(email exchange – in response to previous email)
>
> On Thu, Jan 15, 2009 at 5:09 PM, Martin Wolf wrote:
>
>
> Inflation is default.
>
I respectfully do not agree.
Default is failure to make payment as agreed.
There is no zero inflation contract.
In fact, most every currency has inflation most years.
>
> Surely that is obvious to everybody.
>
Credit default contracts don’t include inflation, nor does any other default provision.
>
> When the economy finally recovers, the government will end up with a very large debt.
>
It will be some % of GDP that you may consider ‘very large’.
>
> Such debt is owed to bond-holders and serviced by taxpayers.
>
In the first instance it is serviced by crediting accounts on the Fed’s own spread sheet.
If aggregate demand is deemed too high at that time future governments may opt to raise taxes.
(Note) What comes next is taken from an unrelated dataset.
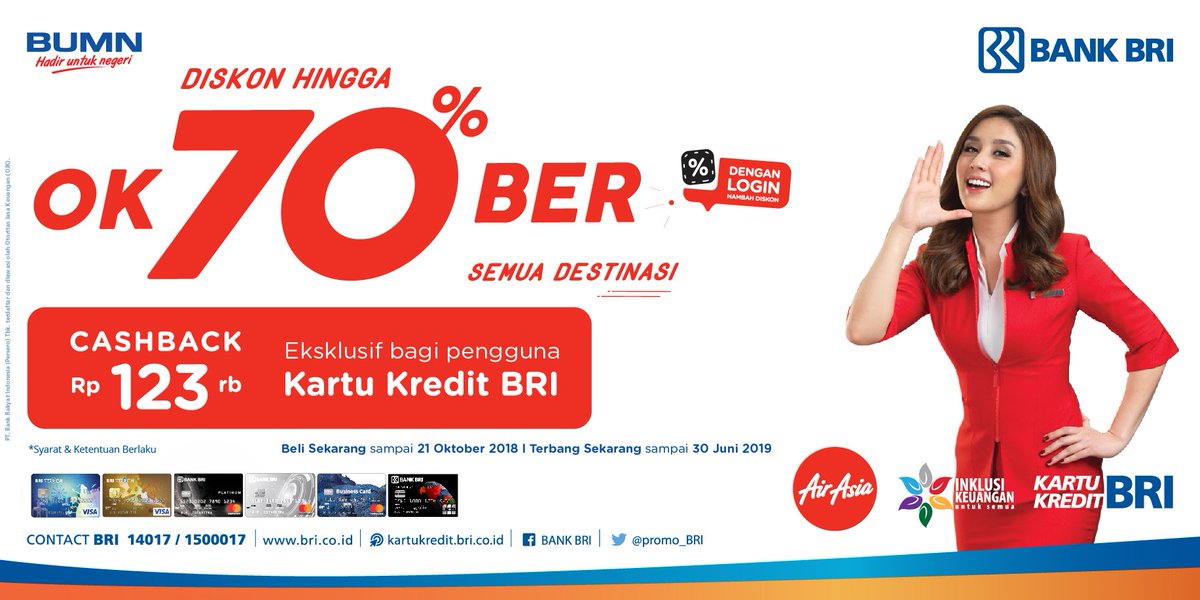 Bank Bri On Twitter Terbang Lagi Yuk Naik Airasia Indo Bayar Pakai Kartu Kredit Bri Dapat Cashback Rp123 Ribu Pesan Sekarang Sampai 21 Oktober 2018 Https T Co K82anvy7oz

If future govts desire to alter the distribution of real output to those then alive they will be free to do that via the usual fiscal and monetary measures.
>
> Politicians who are elected by the latter will want to default on liabilities to the former
> (particularly if many of them are foreigners) and provide taxpayers with goodies, instead.
>
Very possible!
>
> A burst of inflation is how they have always done it.
>
Yes.
>
> End of story.
>
As above. If you mean to say deficits will cause inflation, then do that.
Default is the wrong word for an international financial column.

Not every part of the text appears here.